Strony

wtorek, 8 września 2015

Odrobina optymizmu :)



Po poprzednim smutnym poście, mam lepsze wieści (jeszcze boję się napisać, ze wspaniałe).

Czipsa chyba wraca do zdrowia. W każdym razie nerki pracują, nie wiadomo jeszcze co z jelitami.
Dzisiaj stanęła już na łapki i wieczorem nawet wyszła na 3 minutowy spacer w swoim ubranku :D
Pije i nawet troszkę je co ogromnie cieszy. Rana pooperacyjna się goi...


Jutro kolejna dawka zastrzyków i kroplówka, i dowiemy się co dalej.

Dzisiaj po powrocie od weterynarza czekała mnie również inna bardzo miła niespodzianka, którą sprawiła mi Iza :D

Izunia bardzo Ci dziękuję, ze pomyślałaś o mnie, i zrobiłaś tak wspaniałą karteczkę na urodziny :)


Piękna i jak smakowicie wygląda, prawda??

Iza jeszcze raz bardzo Ci dziękuje :*


Zostały mi też do pokazania moje kolejne zapasy na zimę, teraz chyba tylko buraczki, potem kapusta mi została , a może jeszcze pomidorki, a może jeszcze coś... kto wie ;)

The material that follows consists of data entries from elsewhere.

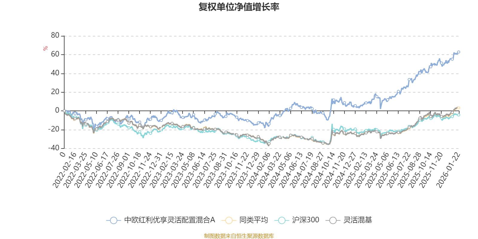 截至1月22日,中欧红利优享灵活配置混合A近三个月复权单位净值增长率为9.05%,位于同类可比基金607/1286;近半年复权单位净值增长率为22.06%,位于同类可比基金625/1286;近一年复权单位净值增长率为54.66%,位于同类可比基金264/1286;近三年复权单位净值增长率为68.17%,位于同类可比基金92/1286。
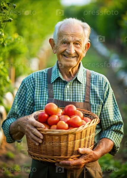 Мужчина держит корзину помидоров в саду
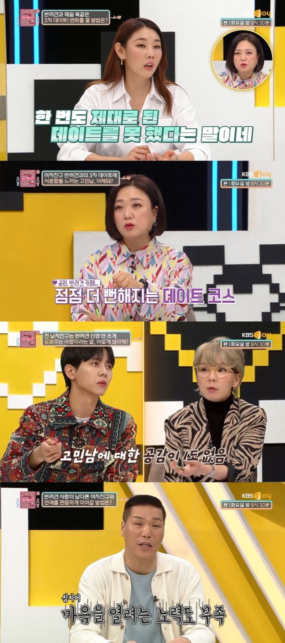 [서울=뉴시스]김주희 인턴 기자 = 애인의 남다른 반려견 사랑 때문에 연애에 위기를 맞은 사연이 소개됐다.
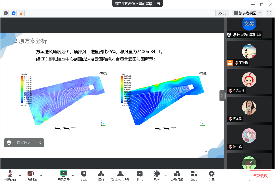 眭文昊同学计算流体力学方法(CFD)和响应面法(RSM)相结合的手段探究了锚室除湿风系统顶部送风口送风角度、顶部送风风量占比和总风量对锚室除湿控制区湿量、气流均匀度和最大绝对湿度的影响。同时通过优劣解距离法(TOPSIS)和多目标遗传算法模型(MOGA)实现了对锚室除湿系统运行参数的优化。
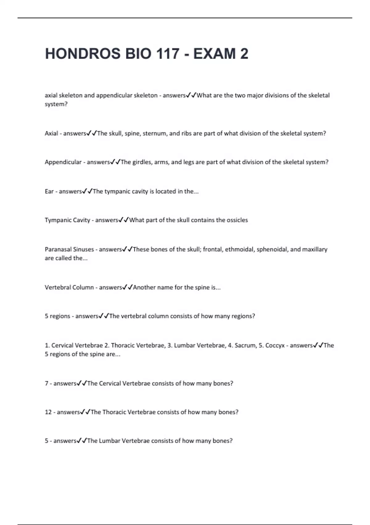 HONDROS BIO 117 - EXAM 2 axial skeleton and appendicular skeleton - answersWhat are the two major divisions of the skeletal system? Axial - answersThe skull, spine, sternum, and ribs are part of what division of the skeletal system? Appendicular - answersThe girdles, arms, and legs are part of what division of the skeletal system? Ear - answersThe tympanic cavity is located in the... Tympanic Cavity - answersWhat part of the skull contains the ossicles Paranasal Sinuses - answersThese bones of the skull; frontal, ethmoidal, sphenoidal, and maxillary are called the... Vertebral Column - answersAnother name for the spine is... 5 regions - answersThe vertebral column consists of how many regions? 1. Cervical Vertebrae 2. Thoracic Vertebrae, 3. Lumbar Vertebrae, 4. Sacrum, 5. Coccyx - answersThe 5 regions of the spine are... 7 - answersThe Cervical Vertebrae consists of how many bones? 12 - answersThe Thoracic Vertebrae consists of how many bones? 5 - answersThe Lumbar Vertebrae consists of how many bones?

Fasolka szparagowa na zimę...ale nie tylko, bo zawsze połowę, no może mniej niż połowę zjadają zanim powkładam do słoiczków. Tak, ze dobra na zimno, na ciepło, na świeżo i ze słoików- jednym słowem uniwersalna.
Przepis znalazłam kiedyś wśród przepisów internetowych, ale dzisiaj już nie pamiętam gdzie był :(

Ja nie lubię fasoli, ale dzieci mówią, ze smakuje podobnie do ryby po grecku, więc taka alternatywa dla osób które nie przepadają za rybami.

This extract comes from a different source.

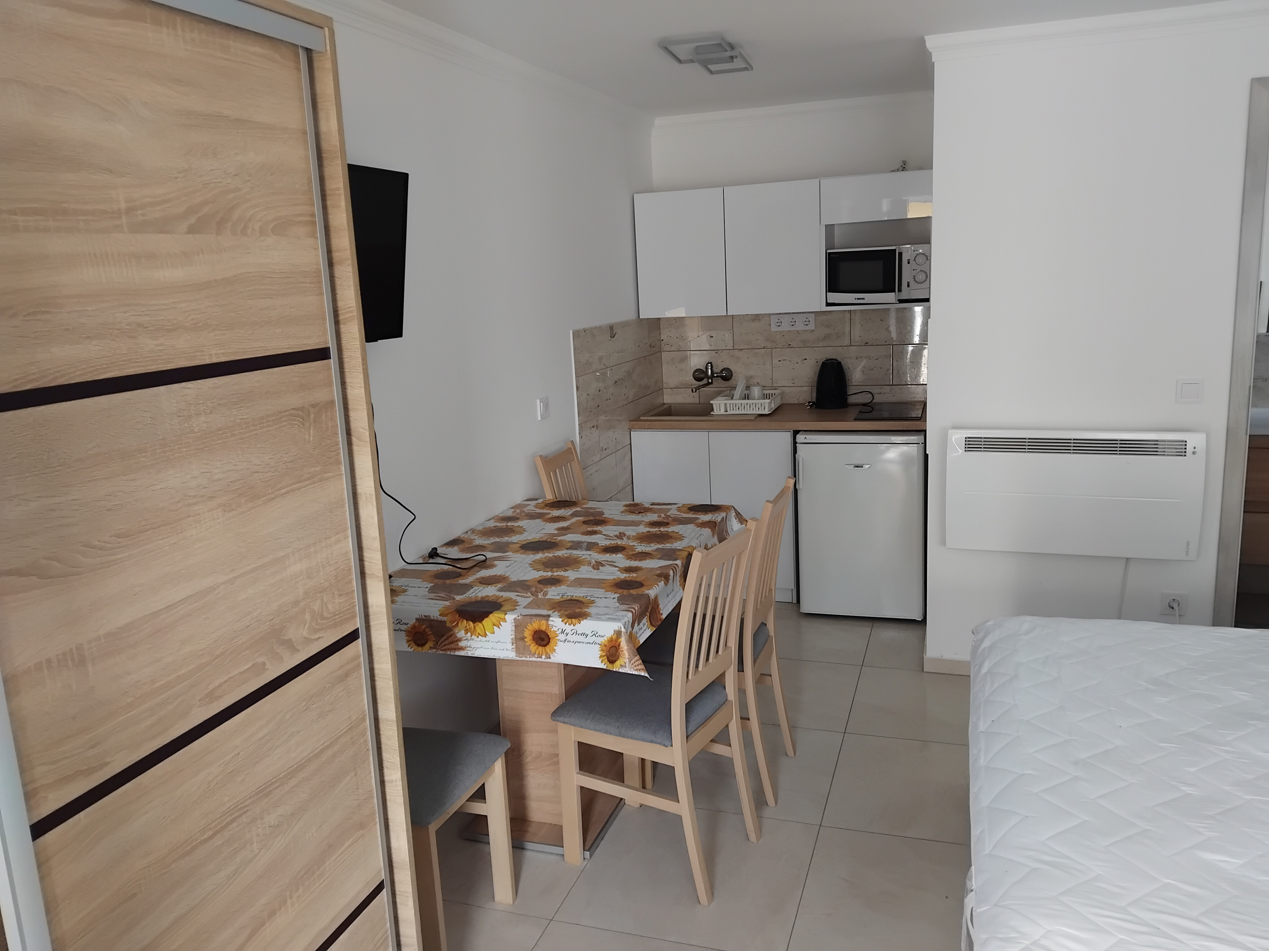 Az ingatlanban 4 db egy hálószobás apartman és 1 db két hálószobás apartman található.

Przepis na ta fasolkę dorzuciłam tutaj

Zrobiłam jeszcze ok 30 słoików korniszonów, bo wydawało mi się, że zrobiłam ich w tym roku mało :(- i chyba jest mało


A resztę ogórków wrzuciłam do glinianego garnka i się kiszą. Część przeniosę do słoików, większe zetrę na przecier.


Chyba tych kulinarnych postów macie też dosyć, więc jutro pokaże coś bardziej ... robótkowego.

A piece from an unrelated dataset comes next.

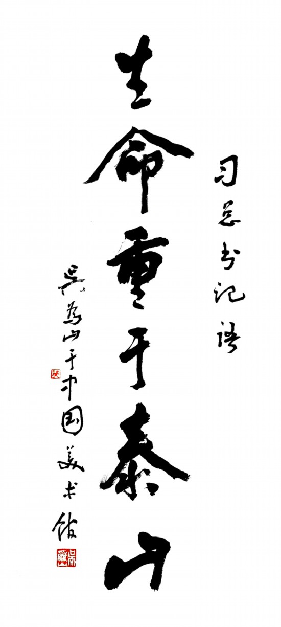 《生命重于泰山》吳為山 書法
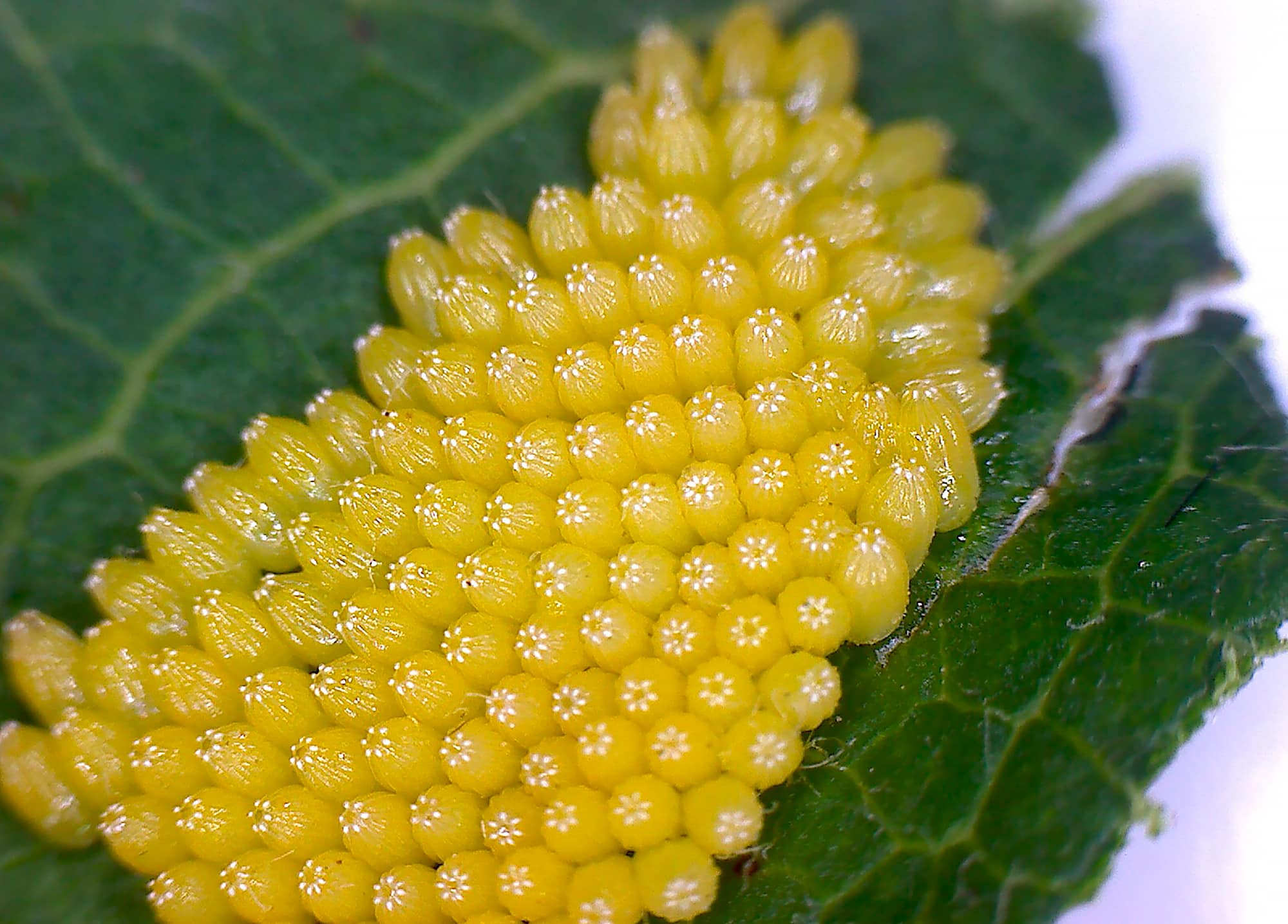 Яйца бабочки на внутренней стороне листа растения

Zostawiam pozdrowienia i znikam na Wasze blogi, nadrobić trochę zaległości ;) 
Buziaczki :*





8 komentarzy:

  1. Jak miło czytać o powrocie Czipsy do zdrowia. Oby nic więcej już się jej nie przytrafiło złego.
    Iza wspaniałą niespodziankę Ci zrobiła tą karteczką, ale to właśnie jest cała Iza.
    Zapasów na zimę narobiłaś niczym dla pułku wojska, ale wiadomo, co masz w spiżarni, to Twoje na wyciągnięcie ręki i do sklepu nie musisz ganiać. Trochę roboty z tymi przetworami jest, to fakt, ale pożytek ogromny.
    Pozdrawiam ciepluśko.)

    OdpowiedzUsuń
    Odpowiedzi
    1. Danusiu większość z tych przetworów wędruje do Holandii z Adrianem ;) Pozdrawiam serdecznie i dziękuję :D

      Usuń
  2. Edytko cieszę się bardzo, że spodobała Ci się moja karteczkowa niespodzianka. Co do Czipsy to wiedziałam, że wydobrzeje, będzie jeszcze biegała szczęśliwa jak dawniej. Na te pyszności, które zrobiłaś to ja chyba się do Ciebie zgłoszę. Uwielbiam takie przysmaki, a nie mam jak ich zrobić.

    OdpowiedzUsuń
    Odpowiedzi
    1. Iza karteczka śliczna więc wiadomo, ze się podobała :) Na pyszności zapraszam serdecznie do siebie ;)

      Usuń
  3. Cieszę się że u Chipsy widać poprawę, trzeba mieć nadzieję że będzie dobrze. Zapasy świetne.